The greatest threat to America's democracy is not terrorism but
governmental secrecy, said Pulitzer Prize-winning journalist Bob
Woodward, whose reporting 35 years ago pierced the veil of secrecy
behind Richard Nixon's presidency.
Although a massive, coordinated attack on the country, making 9-11 look
like a "footnote," is still possible, the nation faces a greater threat
from the federal government's current secrecy drive, Woodward told an
audience in San Antonio on Tuesday.
"Democracies die in darkness," Woodward told the 500-person crowd of
mostly business and community leaders as part of Trinity University's
policy maker breakfast series, a 25-year tradition.
The Bush administration, which gave Woodward remarkable access for his
two books on the administration's war on terror, "Bush At War," in 2002
and "Plan of Attack," in 2004, has cloaked its decision-making in "an
immense amount of secrecy," he said, "too much, in my view."
The administration says it needs to work in secret because of the nature
of the Iraqi war and the surprise tactics terrorists rely on.
He also faulted a round-the-clock news cycle that emphasizes speed over
accuracy and demands that journalists not just report but predict the
future.
Having a year to work on his latest book, about Bush's decision to
launch the Iraqi war, he said, allowed him to gather an immense amount
of information from a variety of sources.
He then wrote a 21-page memo to the president, outlining what he had
learned.
Jokes aside about whether the president reads 21-page memos, Woodward
said he was given 31/2 hours to interview the president.
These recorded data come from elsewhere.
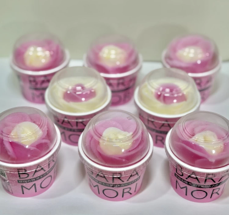 バラ盛りは、ピンク(イチゴ味)、黄色(バナナ味)でひとつひとつ手作。
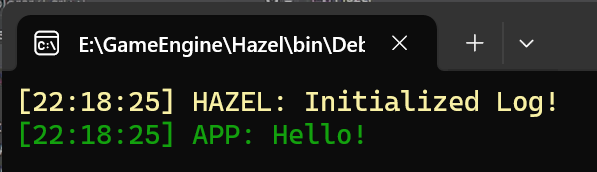 Hazel::Log::GetCoreLogger()->warn("Initialized Log!");
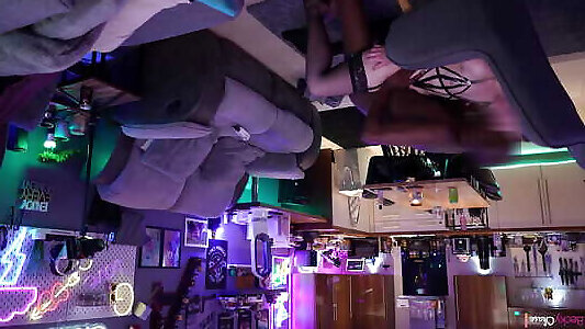 Youthful black couple strips and fucks on a sofa
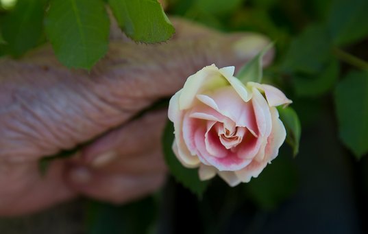 Asta Jahn peger på et lysegrønt blad med lyserød spids. Hun lægger nakken lidt på skrå og ser på det med kærlig mine.
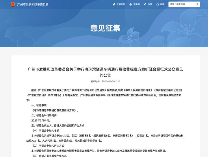 1月30日,广州市发改委发布消息,海珠湾隧道车辆通行费收费标准方案听证会将于2026年3月中旬召开,此次听证会将对海珠湾隧道车辆通行费收费标准两套方案进行讨论,方案一收费标准为15元/标准车次,方案二收费标准为13元/标准车次。
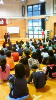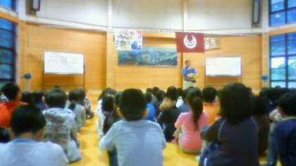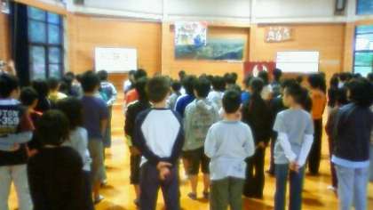 昨夜は遅くまで起きていた子ども達…まだ少し眠そうですが、朝7時から、一緒にみさき家に泊まっている『春日野小学校』と合同の朝のつどいを行いました♪校歌を歌い、学校紹介をし合いました。
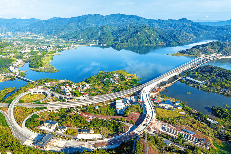 10月21日,城开高速公路在绿水青山间蜿蜒向前,与蓝天、村庄交相辉映,勾勒出一幅壮美的乡村交通画卷。
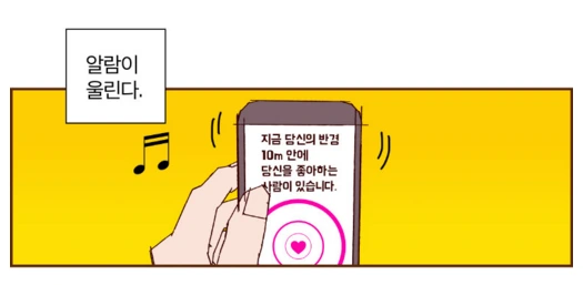 기능은 아주 단순하지만 어마무시한데, 바로 10m 반경 안에 자신을 좋아하는 사람이 있으면 그걸 알려준다. 반대로 말하자면, 내가 좋아하는 사람의 10m 반경 안에 있으면 그 사람의 좋알람이 울리게 된다.
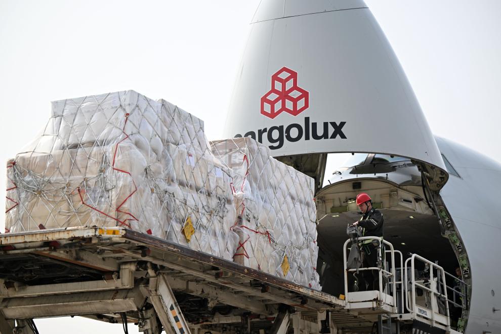 工作人员在郑州新郑国际机场为一架卢森堡货航货机卸货。近年来,河南郑州在积极打造郑州—卢森堡“空中丝绸之路”的同时,积极拓展全球货运航线。目前,郑州机场国际货运航线已覆盖30余个国家,国际航空货运枢纽能级逐步提升。2025年,郑州机场年货邮吞吐量首次突破100万吨,跻身全球航空货运“百万吨级俱乐部”。新华社记者 李嘉南 摄
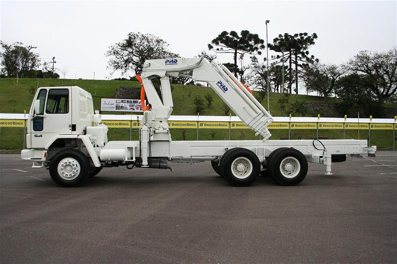 PHD40007 - Composto de quatro lanças hidráulicas e três lanças manuais, indicado para caminhões com PBT mínimo de 6 ton. no eixo dianteiro. Com extensão hidráulica das sapatas dianteiras, extensão hidráulica simples das sapatas traseiras, horímetro, manômetro, tomada de força, bomba hidráulica, óleo hidráulico e sobre chassis. Podendo ainda ser equipado com os seguintes acessórios: controle remoto, limitador de momento de carga, malhal metálico, guincho de cabo com capacidade para 1.5, 3 ou 5.8 toneladas e porta palletes.
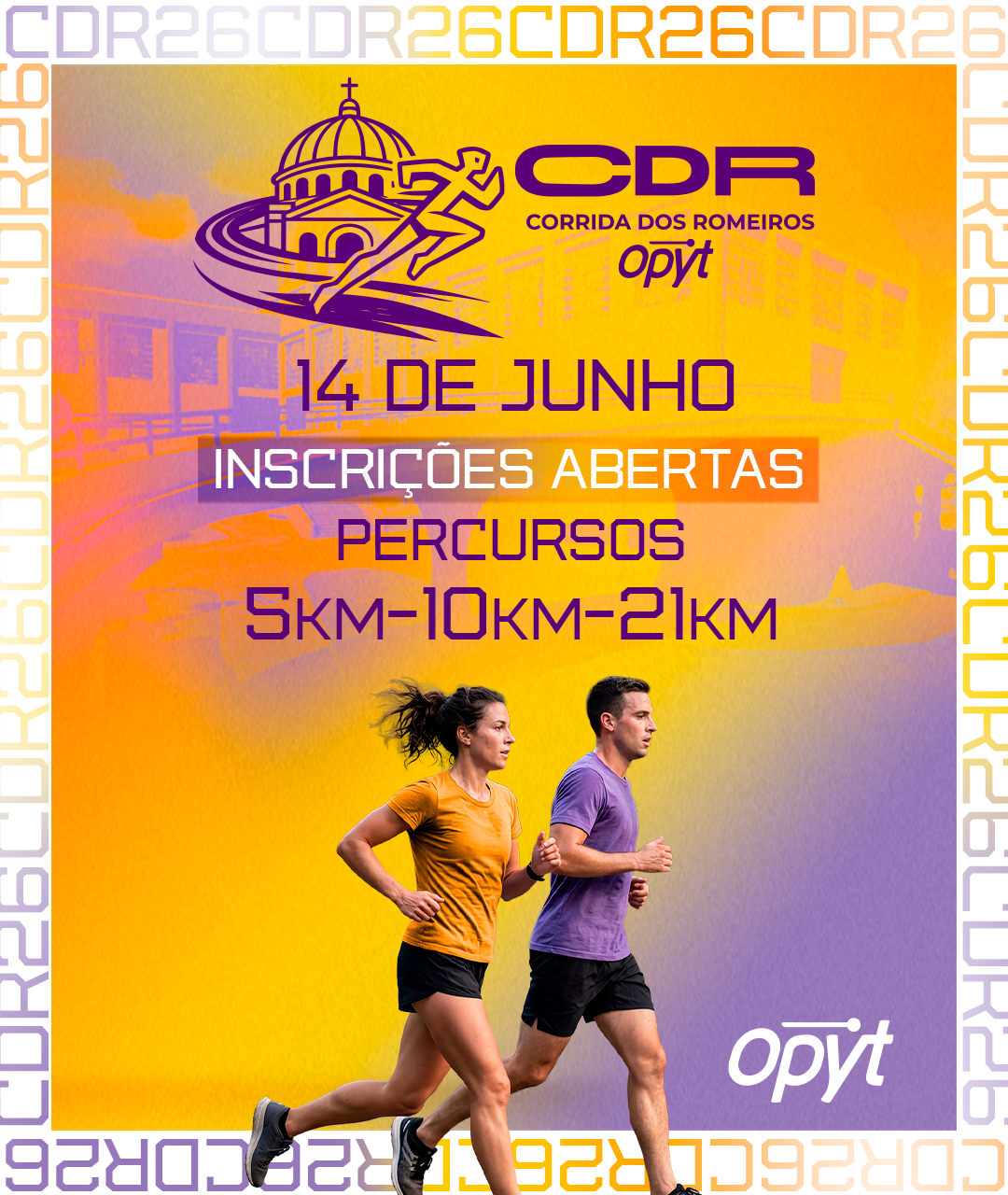 A Corrida dos Romeiros – Opyt acontecerá no dia 14 de junho de 2026, com as distâncias de 5 km, 10 km e 21 km (meia maratona). O percurso terá duração de 3 horas, com largada na Rodovia dos Romeiros (GO-060) e chegada no Santuário Basílica do Divino Pai Eterno, em Trindade. Todos os participantes que completarem a prova receberão medalhas de participação (finisher).

He called it
the longest interview a sitting president has ever granted.
The resulting book, "Plan of Attack," tries to offer "understanding and
perspective, not to condemn, or endorse, but to explain" what happened
during the 16 months he said it took Bush to decide to go to war.
"And make no mistake, it was Bush's decision," he said, although he
called Vice President Dick Cheney "a steam rolling force" in the
process.
At the beginning of his talk, Woodward asked for a show of hands from
those who voted for Bush in 2004.
Most in the crowd raised their hands.
But fewer hands were raised when he asked if attendees believed in
Bush's tax cuts, and whether they agreed with Bush's decision to launch
a secret wiretap program to listen in an unknown number of domestic
communications to overseas telephones without court-issued warrants.
When he asked the crowd if it believed, with the benefit of hindsight,
if going to war was "necessary and wise," fewer than half the room's
hands went up.
After noting that the results of the last question of his unscientific
poll could spell trouble for the administration, he told the crowd that
all the questions were really just tricks, to see how many "rich nosy
warmongering Republicans" were in the room.
"A lot, I see," he said, drawing laughs. "And very proud of it, I can
see."
But it is not just governments that keep secrets; Trinity declined to
say how much it paid Woodward.
A report by the Toronto Sun estimated his fee at between $20,000 and
$30,000.
By comparison, Tour de France cyclist Lance Armstrong, golfer Arnold
Palmer and former President George Bush make about $100,000 per
engagement.
Woodward said the possibility of "the Mideast imploding," cannot be
dismissed, and that his darkest fear, shared by some in the intelligence
community, is that terrorists are waiting until "multiple, high-stakes
attacks" can be launched on U.S. cities and targets.
He said, "9-11 will be a footnote, but it could happen, and if it does,
we will become a police state."
Even as he scolded the media's tendency to prophesy the future, Woodward
offered his prediction for the 2008 presidential race.
By all indications, he said, Democrat Hillary Clinton is running.
He noted that Republicans have a long track record of nominating "old
war horses."
Given that, and depending on how things in Iraq proceed, "You're going
to think I'm crazy, but you heard it here first. I think they could
nominate Dick Cheney." ++
It is not enough to be compassionate; you must act.